Although Si is initially supposed to be part of an effort to travel to the San Francisco of 1901, he instead convinces the folks involved with the project to allow him to focus on New York City, January 1882. Si's girlfriend's foster father had always wanted to solve the mystery surrounding his father's suicide. The one remaining clue is a cryptic, partially burned letter. Si wants to see the moment that letter was mailed at the Main Post Office. He's told that he won't be allowed to interact or interfere with that moment, and he's fine with that. He figures that just seeing the person who mailed the letter might reveal something his girlfriend's foster father was never able to discover.

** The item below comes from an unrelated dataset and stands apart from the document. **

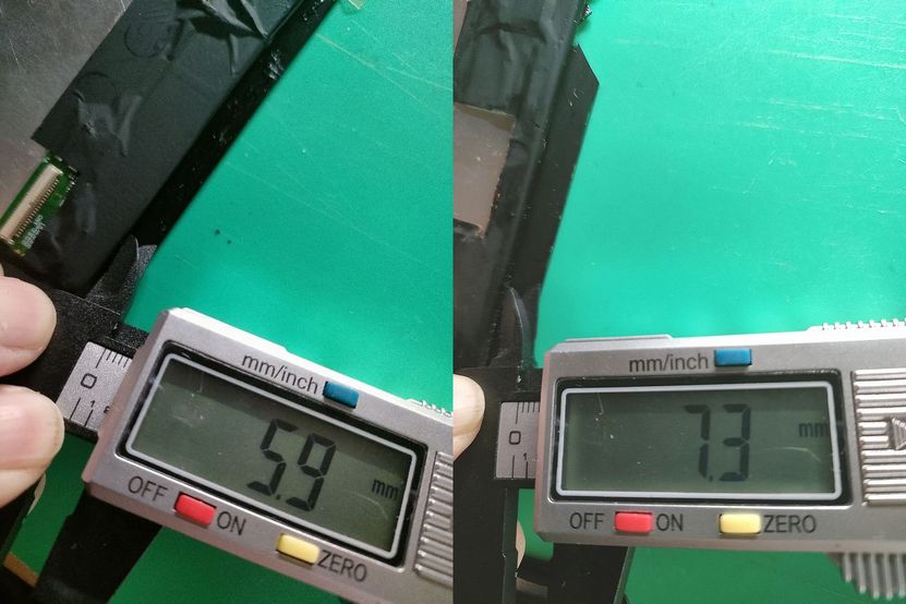 おいおい?何だよ~~再度繰り返すが同様に押し込んだ時に画面が消える?原因が良く判らなかったが、再度調べると本体に押し込んだ時点で本体から液晶へのケーブルが抜けてしまう?何でだ?翌々調べると液晶部が表面ガラスより下部に貼り付けている事が原因でした。

I read this for a book club. While I found the idea of a government project devoted to reconstructing, in minute detail, ordinary items from the past appealing, I had trouble truly believing in Finney's time travel idea. It didn't help when Finney complicated things further by having a character who hadn't been part of the intense training and preparation Si went through travel along with Si without a hitch. He might as well have had children accidentally time traveling when they played make believe too hard.
It was clear that Finney's heart was in the historical details. The historical aspects of this book were so excellent and well-written that I found myself wondering why he hadn't just written historical fiction. It might have worked better for me than this weird "just roll with it" time travel stuff.
Si, unfortunately, came across as a somewhat dated character. When he was in his own time, he really loved Kate, his girlfriend. When he was in the past, he fell head over heels in love with a woman named Julia, as though Kate never existed in his life. It irked me.
All in all, the historical details, combined with the black and white photographs included throughout, were really good. The science fiction aspects, unfortunately, weren't as good. All that "let's not interfere with the past" stuff went out the window surprisingly easily.